After months of heated debate, the Miami Beach Commission rejected an ordinance on Wednesday that would have limited the lot coverage and unit size of new single-family homes being built on Miami Beach.
At a commission hearing packed with supporters and opponents of the measure, commissioners voted against reducing maximum lot coverage from 30 percent to 25 percent, and reducing the maximum unit size on a lot from 50 percent to 45 percent. If the measure had passed, anyone trying to build a 5,000-square-foot-home on a 10,000-square-foot lot would have had to reduce the house’s size by 500 square feet.
Commissioners agreed with opponents of the ordinance who argued that not enough time had elapsed since the city last reduced lot and unit size in 2014. Commissioner Michael Grieco said of the 4,059 single-family homes in Miami Beach only 220 were between 45 to 50 percent unit size and most of those he said were built before 1942.
While they rejected the proposed ordinance the commissioners did approve an amended ordinance that had earlier passed the city’s planning board that imposes front setbacks of 30 feet for new two-story homes as well as 10-foot setbacks between any new home built and its neighbor. Commissioner Joy Malakoff the sponsor of the original ordinance told The Real Deal she was pleased the amended ordinance passed. “As homes are built higher, the greater setbacks, 30 feet for example, instead of 20 feet in front, will allow for a gradual adjusted grade going up to the homes, and because it’s more gradual, it won’t be running off into the neighbors, whose homes may be lower,” she said.
But preservationists like Daniel Ciraldo of the Miami Design Preservation League said stripping out limitations on unit size and lot coverage from the ordinance means more architecturally significant homes on Miami Beach will be lost. He said that more than 100 homes had been approved for demolition since 2014 when the most recent ordinance was passed limiting home size.

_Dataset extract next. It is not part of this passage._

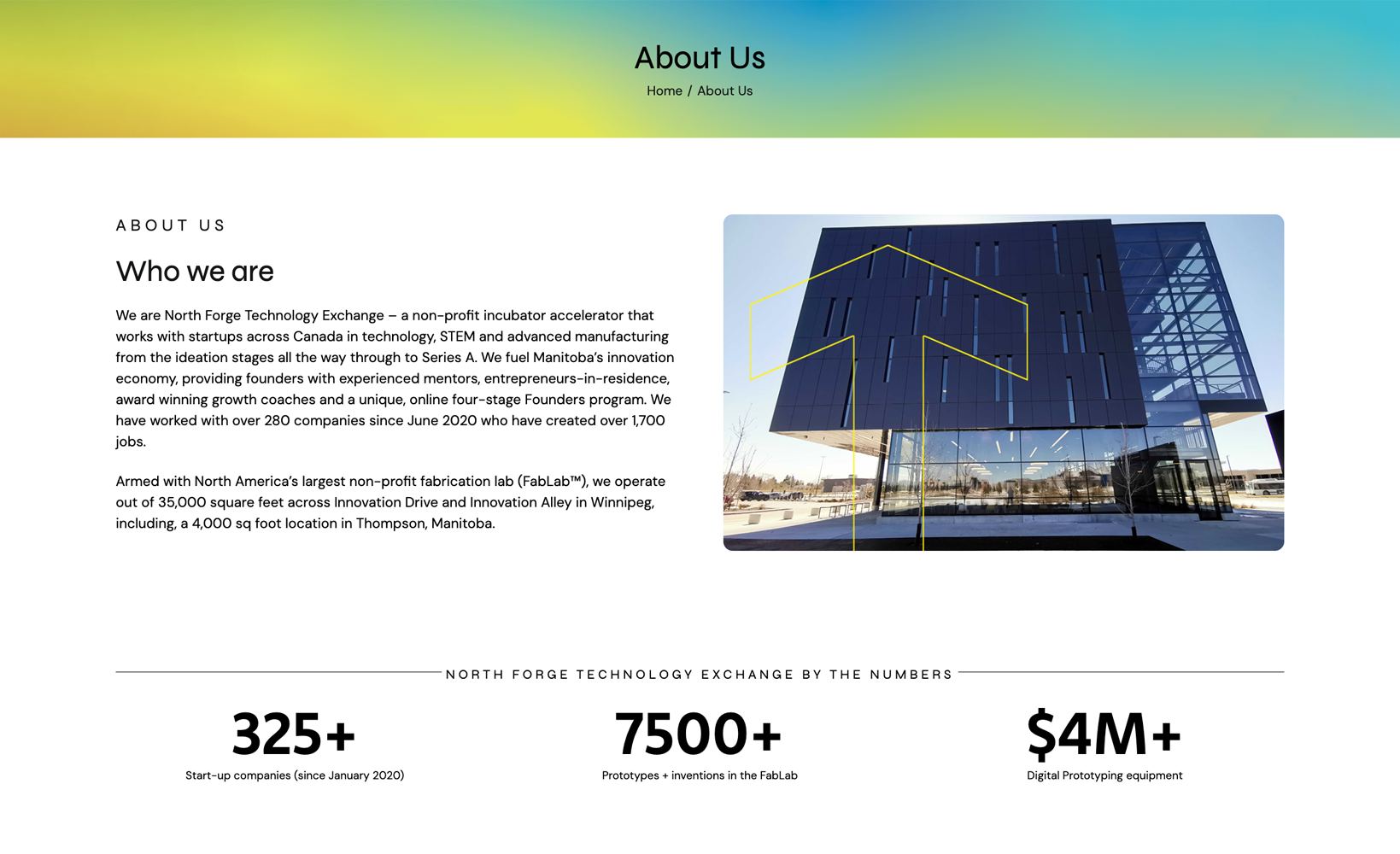 NorthForge is a Technology Incubator located in Manitoba, Canada. They have several programs designed to help startup, technology-based companies navigate the difficult world of going from Idea to Market Fit to Scale. North Forge works with over 325 startup companies and their founders at every stage of the startup lifecycle.

Both sides used the issue of sea level rise to argue their case. Preservationists argued that reducing lot coverage and unit size would help preserve more green space needed for flood control and cut back on new homes towering over their neighbors. However opponents of the ordinance like Ralph Choeff, who has designed many new homes on Miami Beach in recent years, said that new FEMA flood control requirements could make many old Miami Beach homes uninsurable in the years to come, and putting more restrictions on lot coverage and unit size was an “infringement on people’s property rights.”